Inside there were rows of file cabinets with shallow drawers, much like those used in jewelers’ warehouses. Each drawer was marked by a numerical code, which I ignored. I opened one and there they were. Row upon row of green stones, each cut like a faceted emerald, but of the wrong color. These matched the crystal gun in my pocket and the stone in the guards’ rings. When I picked one up I again noticed how light the stones were; unlike any crystals I’d handled before.
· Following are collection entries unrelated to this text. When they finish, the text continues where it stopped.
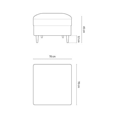 Bársony, világosszürke, szélesség 70 cm, mélység 70 cm, magasság 45 cm
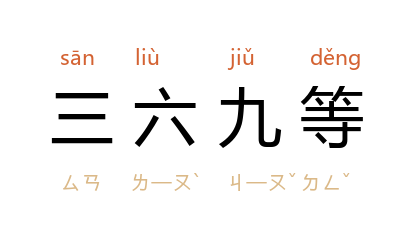 引《红楼梦》第七五回:“只不过这会子输了几两银子,你们就这么三六九等儿的了。”老舍 《骆驼祥子》十三:“同是拉车的,为什么有三六九等呢?”
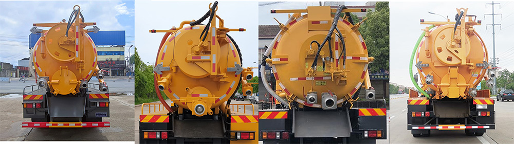 1.该车用于城市下水道系统的清洗梳理工作,是由该车将清水运输到目的地进行清洗工作并同时将清洗后的污水吸收运输离开,主要专用装置为污水罐和清水罐及吸排系统.2.当整车长度为7900mm时,后悬为2460mm,后伸为300mm, 罐体外形尺寸(总长×直径)(mm):5100×1800,其中罐体前段1500mm为清水罐,清水罐总容量3.3立方米,有效容积3.2立方米; 罐体后段3600mm为污水罐,污水罐总容量8.5立方米,有效容积8.2立方米。3.清水罐和污水罐为独立罐体,两罐不能同时满载;清洗功能时用清水罐,吸污功能时用污水罐.4.侧、后防护材料均为Q235,侧防护螺栓连接,后防护焊接连接,后防护截面高度尺寸200mm, 截面宽度尺寸60mm,下边缘离地高度450mm.ABS系统控制器型号/生产企业对应关系为:CM3XL-4S/3M(4SF)/广州瑞立科密汽车电子股份有限公司;XH-KQ4S3M-E01/广州市西合汽车电子装备有限公司.5.随底盘选装驾驶室.仅采用3900mm轴距.车辆后部罐体上安装作业指示灯,该灯在行驶过程中不点亮,仅作业状态使用.选装后部卸污口,选装后部液压盖,选装侧面爬梯. |

Every file drawer was filled with them. Most were the same size, but then I found raw and uncut stones of various sizes. I didn’t hesitate and began cramming both kinds of crystal into the Faraday bag. I couldn’t take all of them, but I took a lot. It bothered me that I was leaving a significant number of them behind, so I went outside, closed the vault, unzipped my radiation suit, and removed three large blaster plasters. These are self-adhering high-yield explosives. Once applied they can be triggered by, say, a door opening and tearing them apart, thereby mixing the chemicals inside; or via a small timer the size of a quarter. I used those, went back inside, dumped all of the stones into a metal trash can I brought in with me, and then wrapped them in the blaster plasters. There were enough high explosives in there to blow up half the lab. Not enough, alas, to destroy the God Machine. But I had photographic proof it existed, and it was too big to pack up and cart off. Maybe an airstrike would handle it. Maybe the State Department. Who knows. That was above my pay grade.
I set the timers, closed the vault door and sprinted across the lab, slammed the big airlock door behind me, and shucked off the radiation suit.